We have used measurements of the phosphorescence intensity decay of the triplet probe erythrosin B, dispersed in amorphous glucose, maltose, and maltotriose at probe:sugar mole ratios of ∼1:104, to monitor the molecular mobility of the sugar matrix in the glass and melt around the glass-transition temperature (Tg). Intensity decays were well fit using a stretched-exponential decay model in which the Kohlrausch–Williams–Watts lifetime τ and the stretching exponent β are the physically meaningful parameters. When normalized to the glass-transition temperature, the erythrosin lifetime decreased in the order glucose > maltose > maltotriose.
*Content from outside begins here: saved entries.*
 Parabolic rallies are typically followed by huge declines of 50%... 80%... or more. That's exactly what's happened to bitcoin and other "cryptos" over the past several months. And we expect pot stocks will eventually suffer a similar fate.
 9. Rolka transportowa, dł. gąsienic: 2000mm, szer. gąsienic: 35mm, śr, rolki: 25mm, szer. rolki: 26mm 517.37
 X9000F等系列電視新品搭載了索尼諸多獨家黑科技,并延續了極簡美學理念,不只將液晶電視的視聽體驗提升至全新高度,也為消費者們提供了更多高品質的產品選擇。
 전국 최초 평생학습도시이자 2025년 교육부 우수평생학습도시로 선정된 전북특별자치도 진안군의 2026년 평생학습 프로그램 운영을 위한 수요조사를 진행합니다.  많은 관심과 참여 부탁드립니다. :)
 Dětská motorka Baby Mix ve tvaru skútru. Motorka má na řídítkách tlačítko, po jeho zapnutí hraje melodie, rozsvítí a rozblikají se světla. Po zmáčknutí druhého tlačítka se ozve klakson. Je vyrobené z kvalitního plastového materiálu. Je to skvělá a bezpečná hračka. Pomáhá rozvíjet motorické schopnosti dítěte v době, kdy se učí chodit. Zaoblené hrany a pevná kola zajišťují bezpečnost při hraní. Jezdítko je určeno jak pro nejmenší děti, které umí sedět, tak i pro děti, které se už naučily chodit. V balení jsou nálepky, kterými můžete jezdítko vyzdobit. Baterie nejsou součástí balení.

Analysis of the lifetime provided an estimate of the collisional quenching constant for deexcitation of the triplet state (kTS0); kTS0 increased in the order glucose < maltose < maltotriose over the range of T–Tg from about −40 to 50 °C. Although approximately constant in the glass, the magnitude of β decreased around Tg in the order glucose > maltose > maltotriose, indicating that the lifetime heterogeneity increased in the order glucose < maltose < maltotriose. These data demonstrate that both the average rate of matrix molecular mobility and the width of the distribution of matrix mobility rates around the glass transition increase with an increase in the molecular size of the sugar in this homologous series.

Measurements of the phosphorescence intensity decay of the triplet probe erythrosin B dispersed in amorphous glucose, maltose, and maltotriose at probe:sugar mole ratios of ∼1:104 were used to monitor the molecular mobility of the sugar matrix in the glass and melt around the glass-transition temperature (Tg).